Australia has an unquestionably strong financial sector. Land For Property

It has withstood significant shocks, such as the Global Financial Crisis and the COVID recession, without the emergence of financial contagion.

The share of loans that are impaired is exceptionally low, at around 0.4 per cent of all loans issued.

This is significantly lower than in other developed economies.

The very low levels of mortgage delinquency in Australia reflect the restrictive lending regulations imposed by financial regulators in Australia.

Since 2010, financial regulations have made it increasingly conservative making it progressively more difficult for first home buyers to enter the market.

Despite the lows levels of mortgage delinquency, APRA announced this morning that it has increased the ‘serviceability buffer’ for a new mortgage from 2.5 per cent to 3 per cent.

Loan Arrears

First home buyers accounted for 35 per cent of owner occupier loans issued in August 2021 and these measures will make it harder to access a loan.

This additional constraint is being imposed despite the share of loans with a 10 per cent deposit or less declining since December 2020.

This share is well below those observed over the past decade.

First home buyers are the group who are typically constrained by serviceability thresholds.

It is this group that will be hit the hardest by these changes.
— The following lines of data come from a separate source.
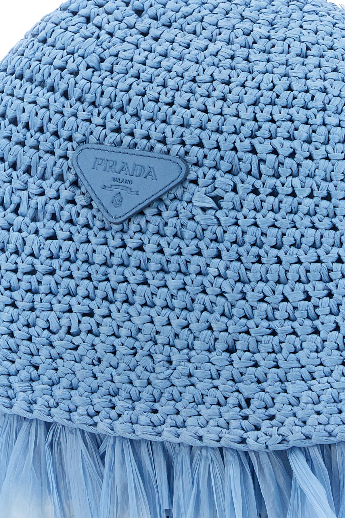 Bucket hat realized in raffia entirely covered by fringes enriched by iconic logoed metal triangle.
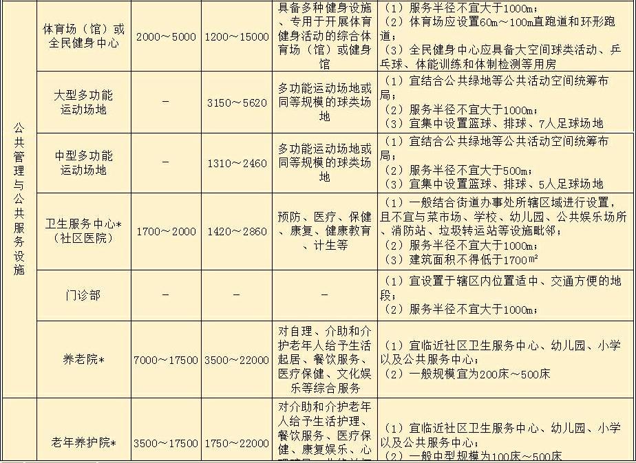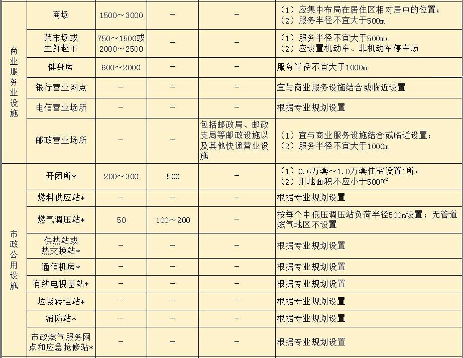 注:1 加*的配套設施,其建筑面積與用地面積規模應滿足國家相關規劃及標準規范的有關規定;
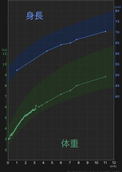 現状においては、身長も体重も成長曲線のカーブに沿って順調に伸びていますね。 これから歩きまわったり、走り出したり、急激に消費エネルギーが増す時期でもありますし、1歳過ぎの乳製品の必要量を考えても、エネルギー・カルシウム補給の為にもミルク量は最低でも300~400ml程度で維持されていくと良いのではないかなと思います。
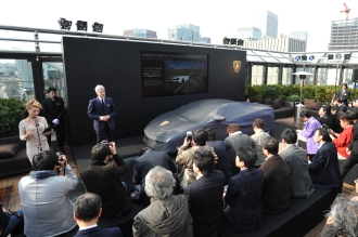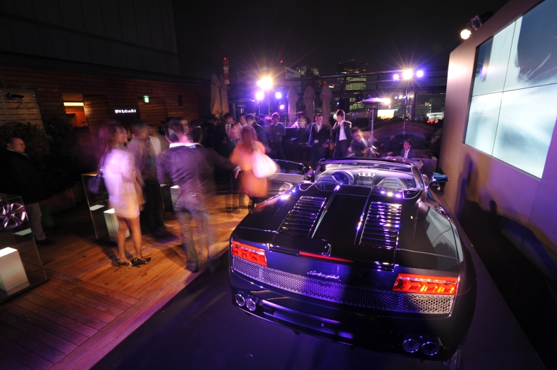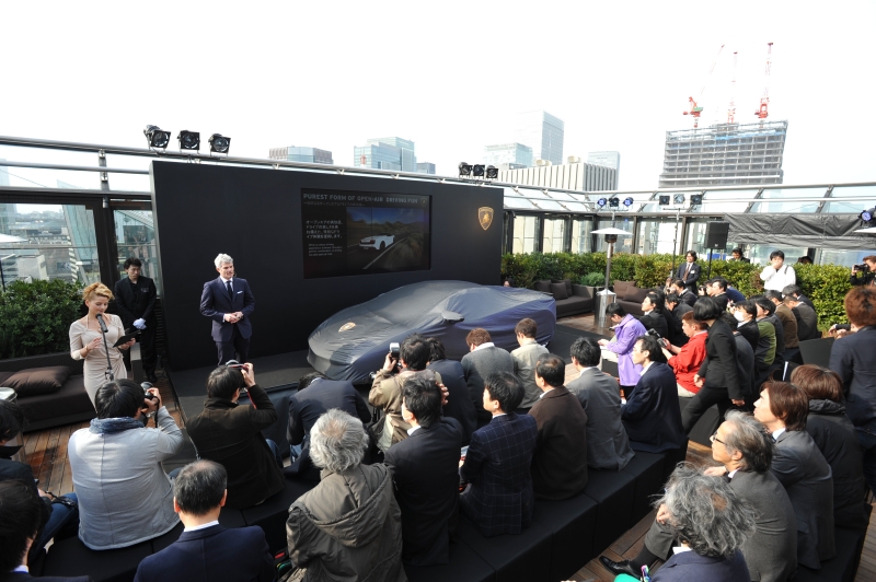 毎回、見る者に刺激的な演出を行ってくれるランボルギーニの新車発表会。今回は銀座のビル屋上レストランのラグジュアリーな空間で華やかに開催された。
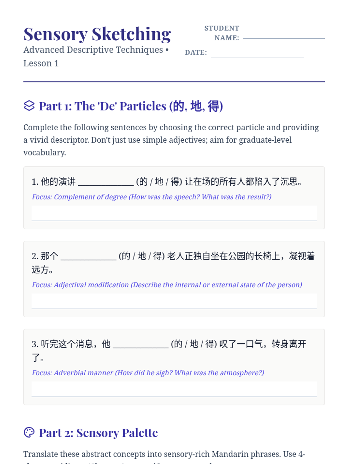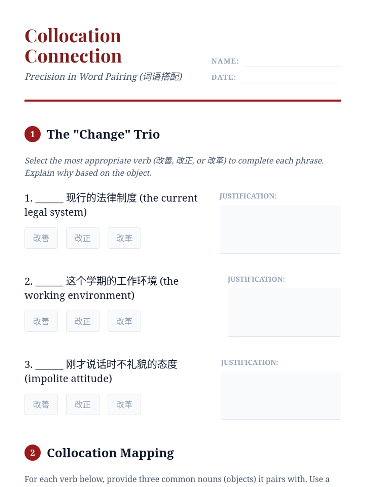 This sequence guides advanced Mandarin learners through the subtle art of synonym discrimination. Students explore collocations, emotional connotations, semantic intensity, and register shifts to achieve native-like precision in their writing and speech.
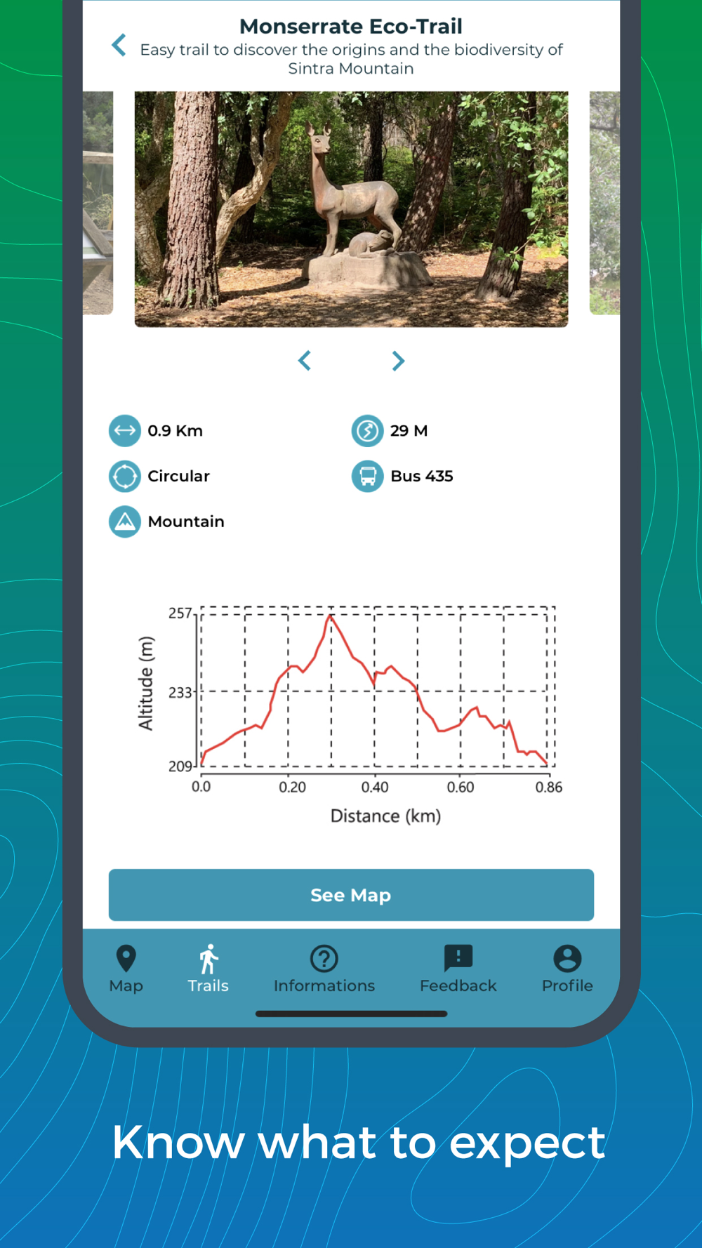 There are other functions, like navigation to the starting point, suggestions of places to visit on the way, as well as the possibility to give us feedback on the trails.

Restricting access to credit for new households seeking to enter the housing market will put further downward pressure on the rate of home ownership in Australia."

ALSO READ: Here’s how APRA caps could impact how much you could borrow

About Michael is a director of Metropole Property Strategists who help their clients grow, protect and pass on their wealth through independent, unbiased property advice and advocacy. He's once again been voted Australia's leading property investment adviser and one of Australia's 50 most influential Thought Leaders. His opinions are regularly featured in the media.